THE DATA START

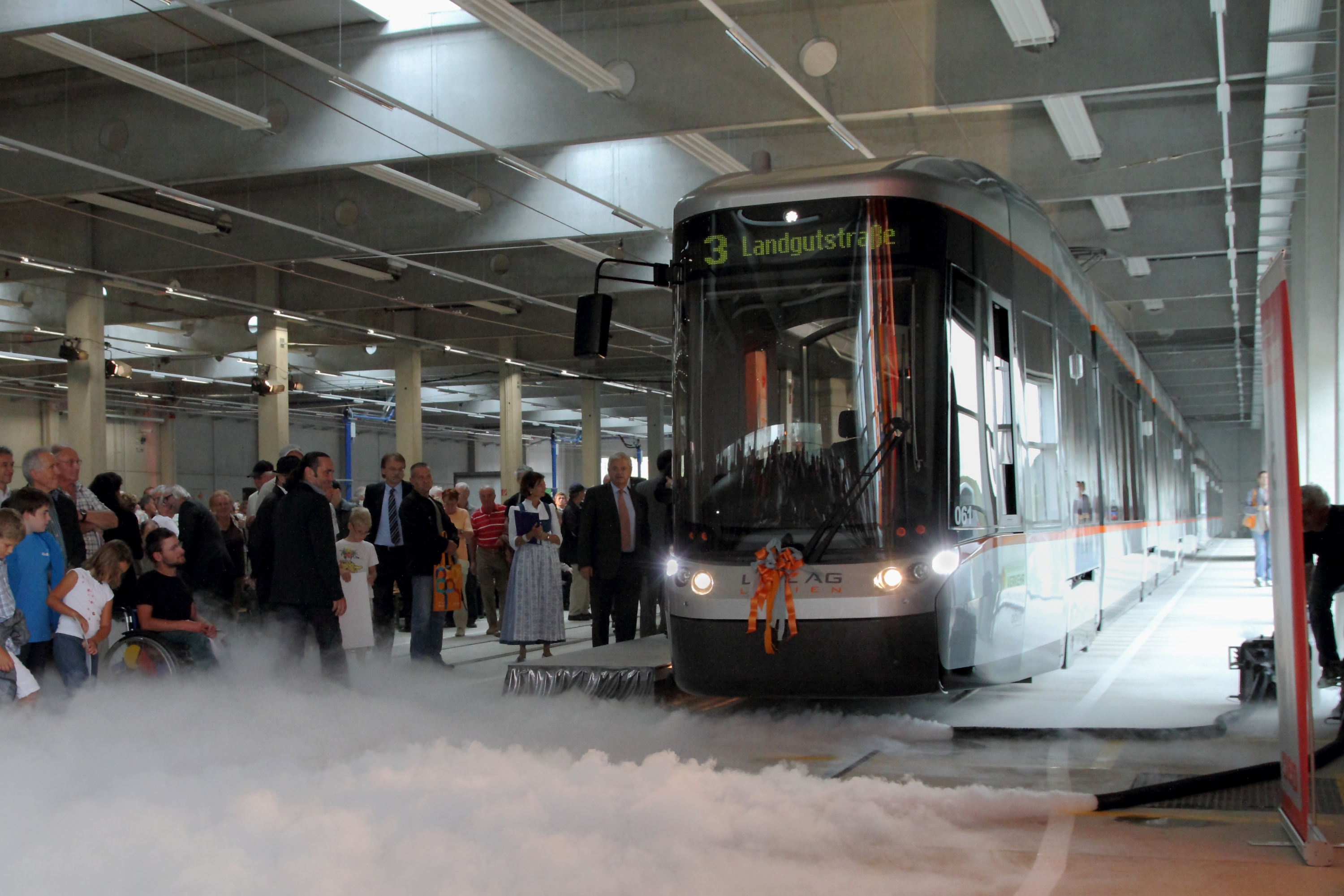 The opening train of the line 3 extension to Leonding leaving the depot at Weingartshof.
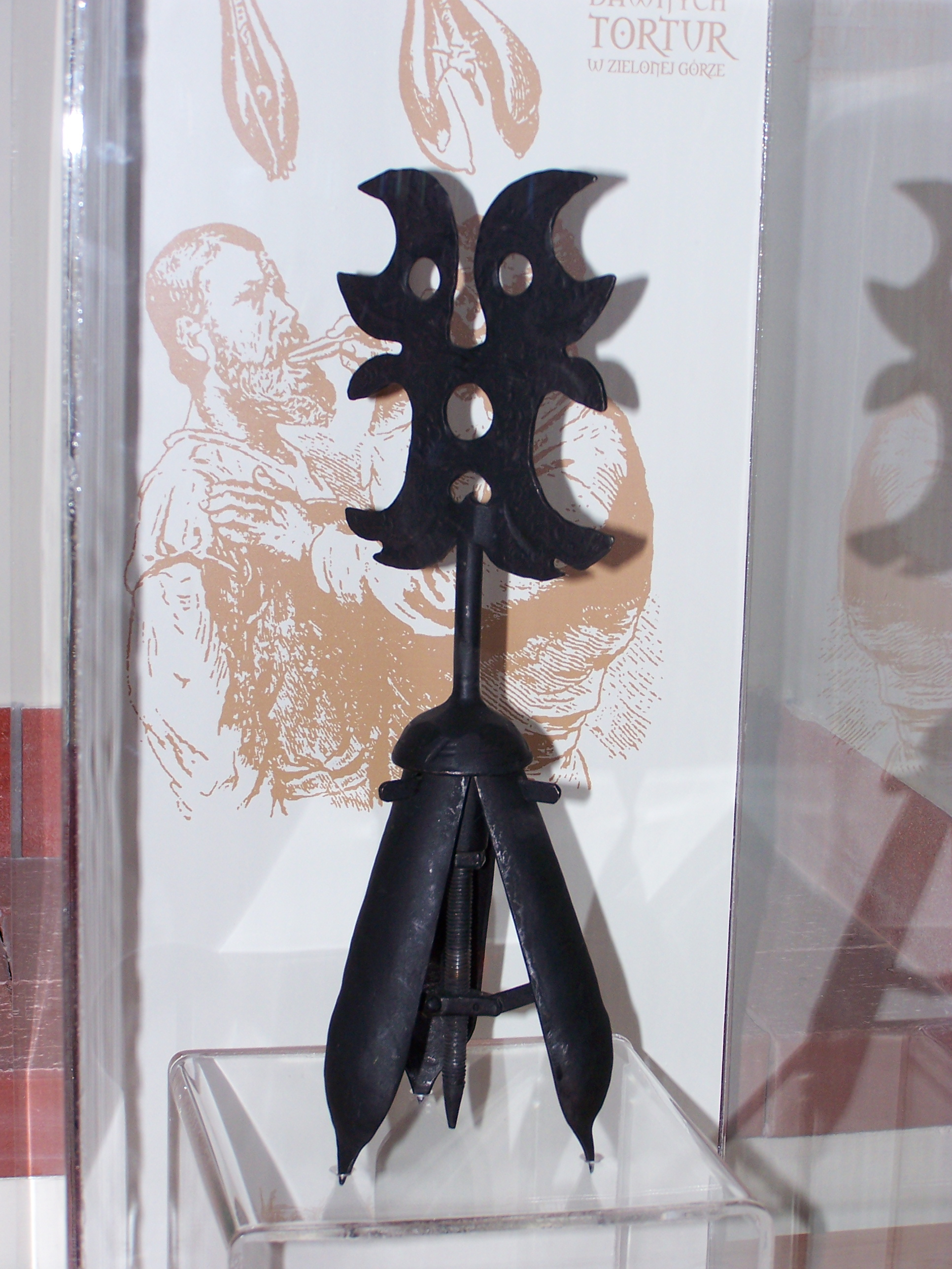 The Pear of Anguish. Torture museum in Lubuska Land Museum in Zielona Góra.
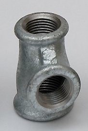 Junction made from black malleable cast iron, surface hot-dip galvanized
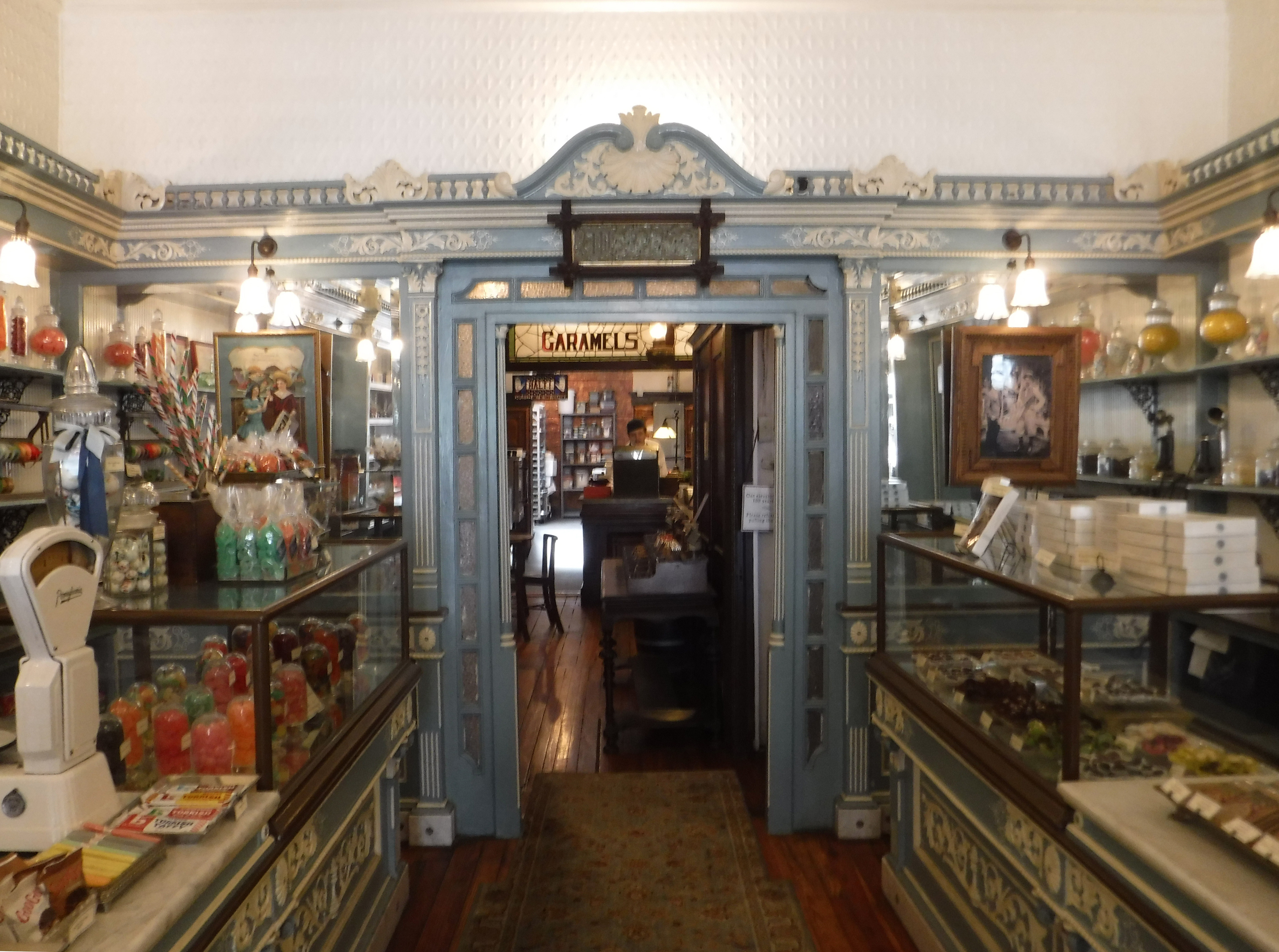 Interior at Shane Confectionery, 110 Market St, Philadelphia, PA 19106, traditional candy makers.
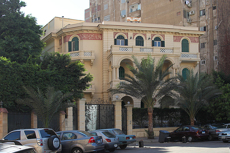 M. de Botton / Dr. Ibrahim Abd el-Sayed Pasha apartment building near the Royal Jewelry Museum, Alexandria, Egypt
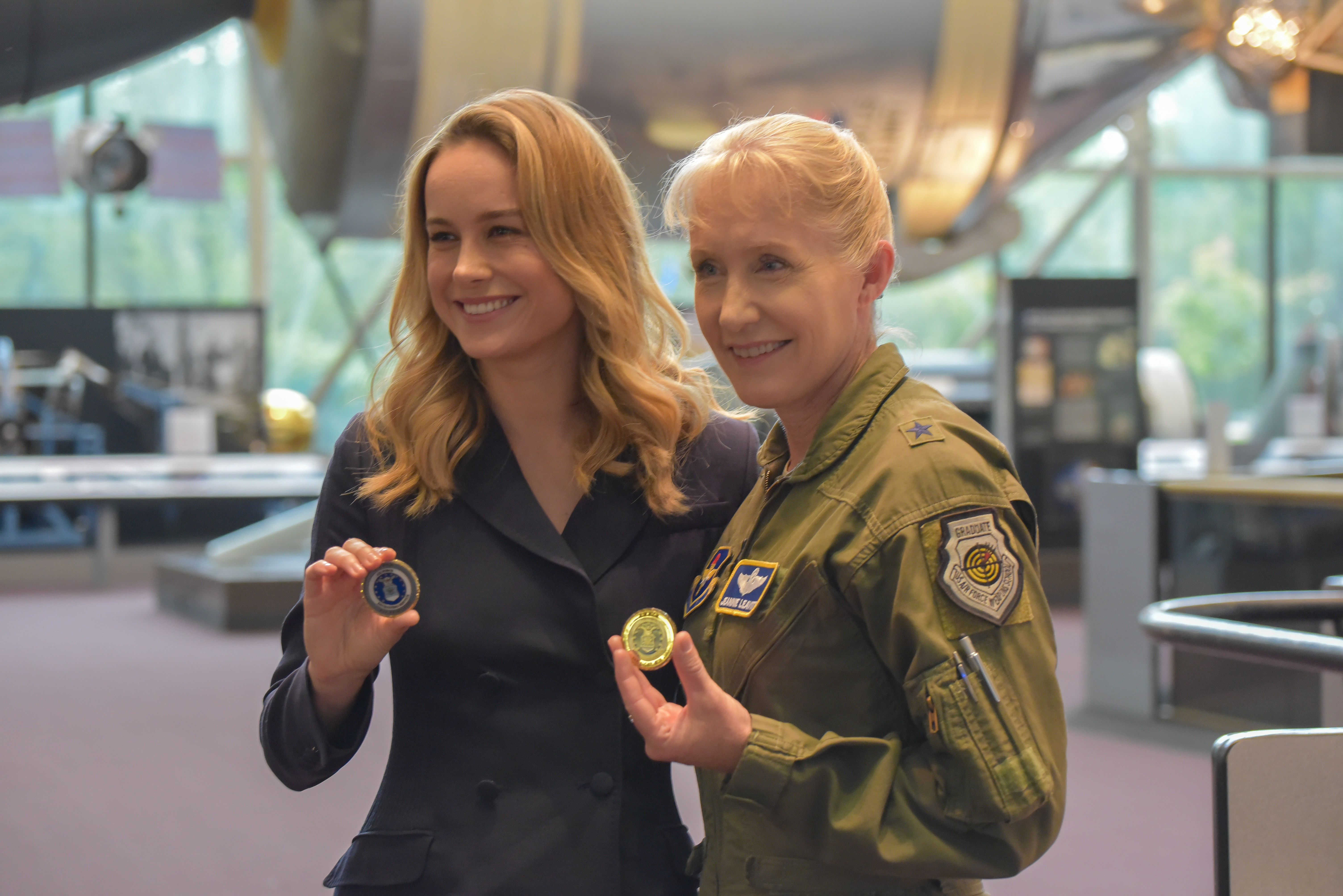 AFDW Airmen celebrated the U.S. Air Force 71st birthday by attending a special live screening of Captain Marvel at the National Air and Space Museum, Smithsonian Institution, hosted by Good Morning America Sep. 18, 2018. When preparing for Captain Marvel, actress Brie Larson met with Brig. Gen. Jeannie Leavitt, the Air Force's first female fighter pilot, to research her character. As the first female character to headline a Marvel franchise, Capt. Carol Danvers exemplifies the barrier-breaking spirit found in every generation of Airmen going back to 1947. (United States Air Force photo by 2d Lt Jessica Cicchetto)(Released)
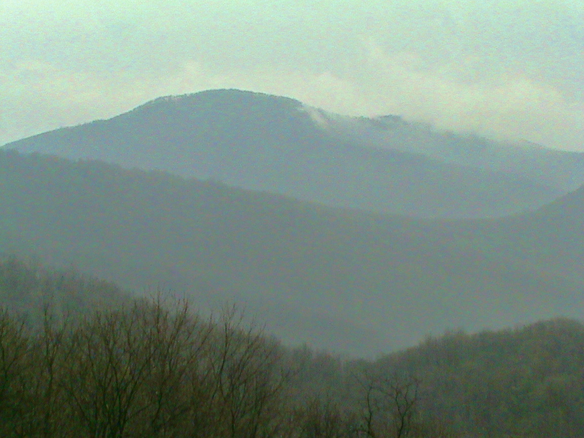 View of Pignut Mountain from Thornton Hollow Overlook on Neighbor Mountain. Photo by Kevin Borland.
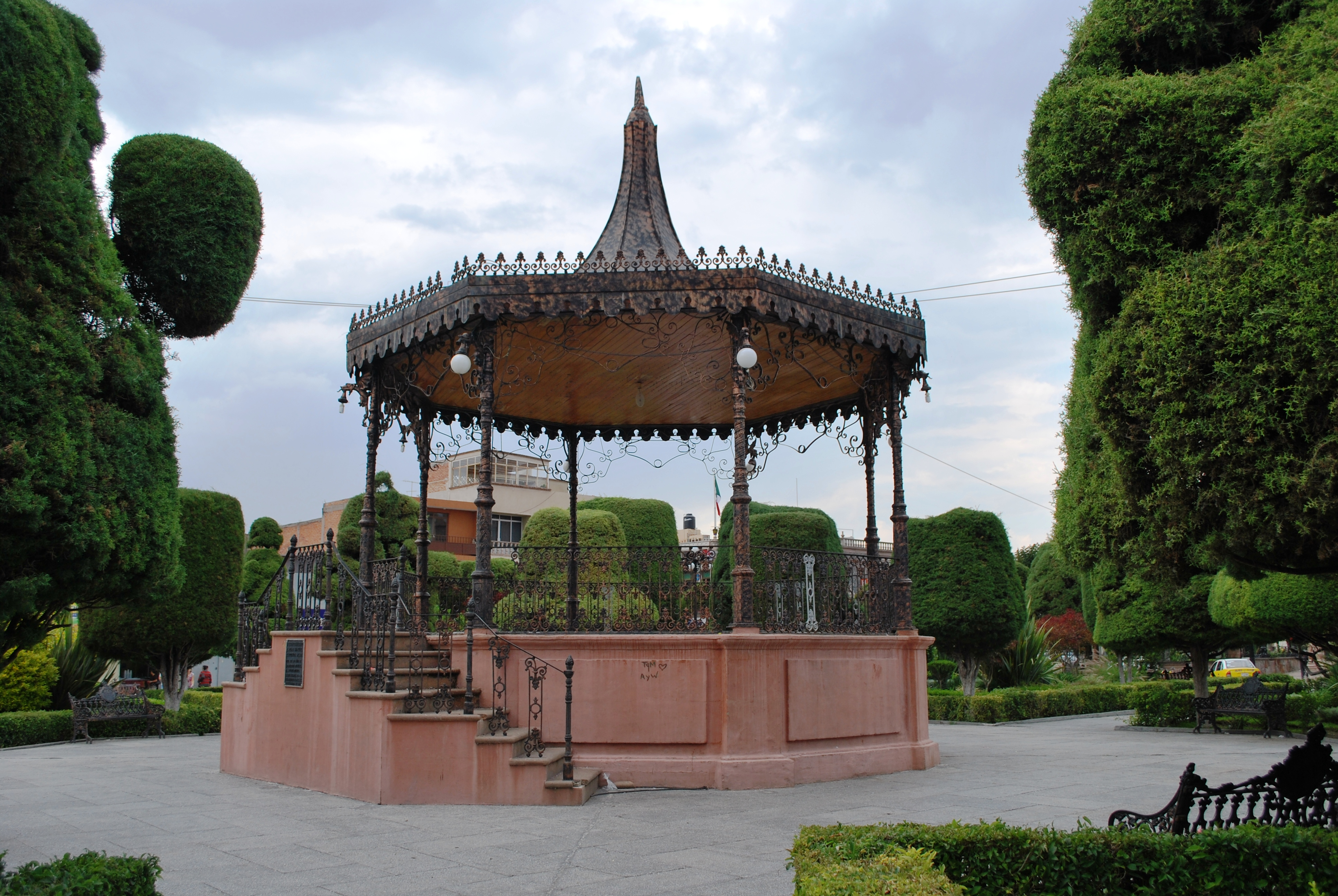 Kiosk at Encarnation de Diaz main plaza

THE DATA END

### EXERCISE
Your copy must match the records above word for word and contain no pictures.

### RESULT FOR THIS EXERCISE
 The opening train of the line 3 extension to Leonding leaving the depot at Weingartshof.
 The Pear of Anguish. Torture museum in Lubuska Land Museum in Zielona Góra.
 Junction made from black malleable cast iron, surface hot-dip galvanized
 Interior at Shane Confectionery, 110 Market St, Philadelphia, PA 19106, traditional candy makers.
 M. de Botton / Dr. Ibrahim Abd el-Sayed Pasha apartment building near the Royal Jewelry Museum, Alexandria, Egypt
 AFDW Airmen celebrated the U.S. Air Force 71st birthday by attending a special live screening of Captain Marvel at the National Air and Space Museum, Smithsonian Institution, hosted by Good Morning America Sep. 18, 2018. When preparing for Captain Marvel, actress Brie Larson met with Brig. Gen. Jeannie Leavitt, the Air Force's first female fighter pilot, to research her character. As the first female character to headline a Marvel franchise, Capt. Carol Danvers exemplifies the barrier-breaking spirit found in every generation of Airmen going back to 1947. (United States Air Force photo by 2d Lt Jessica Cicchetto)(Released)
 View of Pignut Mountain from Thornton Hollow Overlook on Neighbor Mountain. Photo by Kevin Borland.
 Kiosk at Encarnation de Diaz main plaza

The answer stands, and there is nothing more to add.